Mis recuerdos más antiguos me llevan a la función infantil de los domingos en el Teatro Principal. Aquellos hombres uniformados con chaquetas largas y oscuras, abotonadas hasta arriba, como un baby de mayores, desempeñaban sobre todo tareas de niñeros, afanándose en ajustar las emociones de la chavalería enardecida. La mayoría eran pluriempleados que buscaban un sobresueldo los fines de semana, lo que llevaba consigo trabajar todos los días, contraviniendo la recomendación del Altísimo de descansar el séptimo.

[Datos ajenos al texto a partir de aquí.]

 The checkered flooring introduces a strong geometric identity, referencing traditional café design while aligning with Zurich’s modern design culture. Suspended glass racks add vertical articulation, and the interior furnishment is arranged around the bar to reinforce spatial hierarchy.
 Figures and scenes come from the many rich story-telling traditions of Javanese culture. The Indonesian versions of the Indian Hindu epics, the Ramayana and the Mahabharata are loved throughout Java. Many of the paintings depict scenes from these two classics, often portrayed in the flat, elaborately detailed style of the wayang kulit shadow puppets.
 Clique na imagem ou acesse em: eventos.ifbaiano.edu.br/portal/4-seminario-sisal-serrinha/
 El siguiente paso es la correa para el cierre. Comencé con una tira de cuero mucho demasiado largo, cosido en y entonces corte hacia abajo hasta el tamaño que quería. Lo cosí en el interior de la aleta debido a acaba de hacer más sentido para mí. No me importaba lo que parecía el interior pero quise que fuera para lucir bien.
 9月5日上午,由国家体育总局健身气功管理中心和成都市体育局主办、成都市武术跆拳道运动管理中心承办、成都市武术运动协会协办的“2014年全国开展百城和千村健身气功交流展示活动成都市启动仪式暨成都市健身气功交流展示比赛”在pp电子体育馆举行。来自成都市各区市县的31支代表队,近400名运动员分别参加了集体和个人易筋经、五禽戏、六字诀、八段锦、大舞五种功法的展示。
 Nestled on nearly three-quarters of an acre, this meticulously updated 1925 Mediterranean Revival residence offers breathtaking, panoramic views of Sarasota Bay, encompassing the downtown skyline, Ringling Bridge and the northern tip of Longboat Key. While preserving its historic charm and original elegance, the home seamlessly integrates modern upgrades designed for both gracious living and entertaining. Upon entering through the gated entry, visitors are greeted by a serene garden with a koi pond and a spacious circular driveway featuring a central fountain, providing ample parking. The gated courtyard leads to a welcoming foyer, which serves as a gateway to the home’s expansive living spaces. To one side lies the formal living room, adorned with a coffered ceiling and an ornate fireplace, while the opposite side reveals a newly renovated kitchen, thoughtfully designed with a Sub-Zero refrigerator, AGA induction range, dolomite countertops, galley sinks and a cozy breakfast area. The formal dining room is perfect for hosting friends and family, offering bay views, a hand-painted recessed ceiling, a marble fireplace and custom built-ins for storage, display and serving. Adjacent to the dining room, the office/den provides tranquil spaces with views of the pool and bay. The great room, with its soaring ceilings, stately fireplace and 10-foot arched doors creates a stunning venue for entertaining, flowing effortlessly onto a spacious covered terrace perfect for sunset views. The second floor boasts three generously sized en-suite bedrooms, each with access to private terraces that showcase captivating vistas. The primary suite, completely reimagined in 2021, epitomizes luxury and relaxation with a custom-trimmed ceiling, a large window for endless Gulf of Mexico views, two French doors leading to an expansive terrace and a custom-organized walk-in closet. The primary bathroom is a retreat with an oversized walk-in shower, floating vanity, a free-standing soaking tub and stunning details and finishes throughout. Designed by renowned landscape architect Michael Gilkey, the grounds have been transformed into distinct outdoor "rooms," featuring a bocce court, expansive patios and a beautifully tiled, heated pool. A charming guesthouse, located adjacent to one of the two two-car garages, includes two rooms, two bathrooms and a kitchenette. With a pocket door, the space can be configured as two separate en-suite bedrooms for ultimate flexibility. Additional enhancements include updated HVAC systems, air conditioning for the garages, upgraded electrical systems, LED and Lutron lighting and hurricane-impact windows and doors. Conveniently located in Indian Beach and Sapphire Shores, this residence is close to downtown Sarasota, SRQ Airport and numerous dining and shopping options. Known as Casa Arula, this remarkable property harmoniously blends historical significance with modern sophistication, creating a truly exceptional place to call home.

Al acomodador casi nunca le veíamos la cara. Su hábitat era el mismo que el de nuestros miedos nocturnos: la oscuridad. Escuchábamos el sonido de apertura de la puerta y poco después lo veíamos escoltando a los espectadores rezagados. Era una voz que susurraba en medio del pasillo, unos pasos que iban y venían, la luz de una linterna que a veces nos cegaba cuando descubría que el alborotador de nuestra fila tenía ya de los nervios hasta al imperturbable John Wayne.

Ya en la adolescencia, descartada la posibilidad de que me fichara el Atlético de Madrid, pensé que trabajar en un cine era una buena alternativa. Por varias razones. No tendría que madrugar como madrugaba el Chato Guarigua para vender sus semitas. Podría ver de cerca las piernas de Laura Antonelli. Y la más importante: que te pagaran por ver películas (como a mi compañero de clase Carlos Catalá, que las proyectaba en el Cine Macario), mientras paseabas por el Central Park o el Amazonas, o alternabas con Marlon Brando, Meryl Streep o Paco Rabal, no era trabajar.

Siempre he pensado que el oficio de acomodador se proyecta, más allá de los confines del cine, a otros espacios más íntimos de la existencia. Alguien que nos ilumina en medio de la oscuridad, nos acompaña hasta nuestro asiento y nos convence de que ese es, en ese momento, nuestro mejor lugar en el mundo. Si cerramos los ojos, somos capaces de reconocer en los callejones sombríos de los días malos a quienes nos orientan cuando andamos perdidos. Ellos no lo saben, pero trabajan para el servicio secreto de nuestro Ángel de la Guarda, ese acomodador celestial que no nos desampara ni de noche ni de día.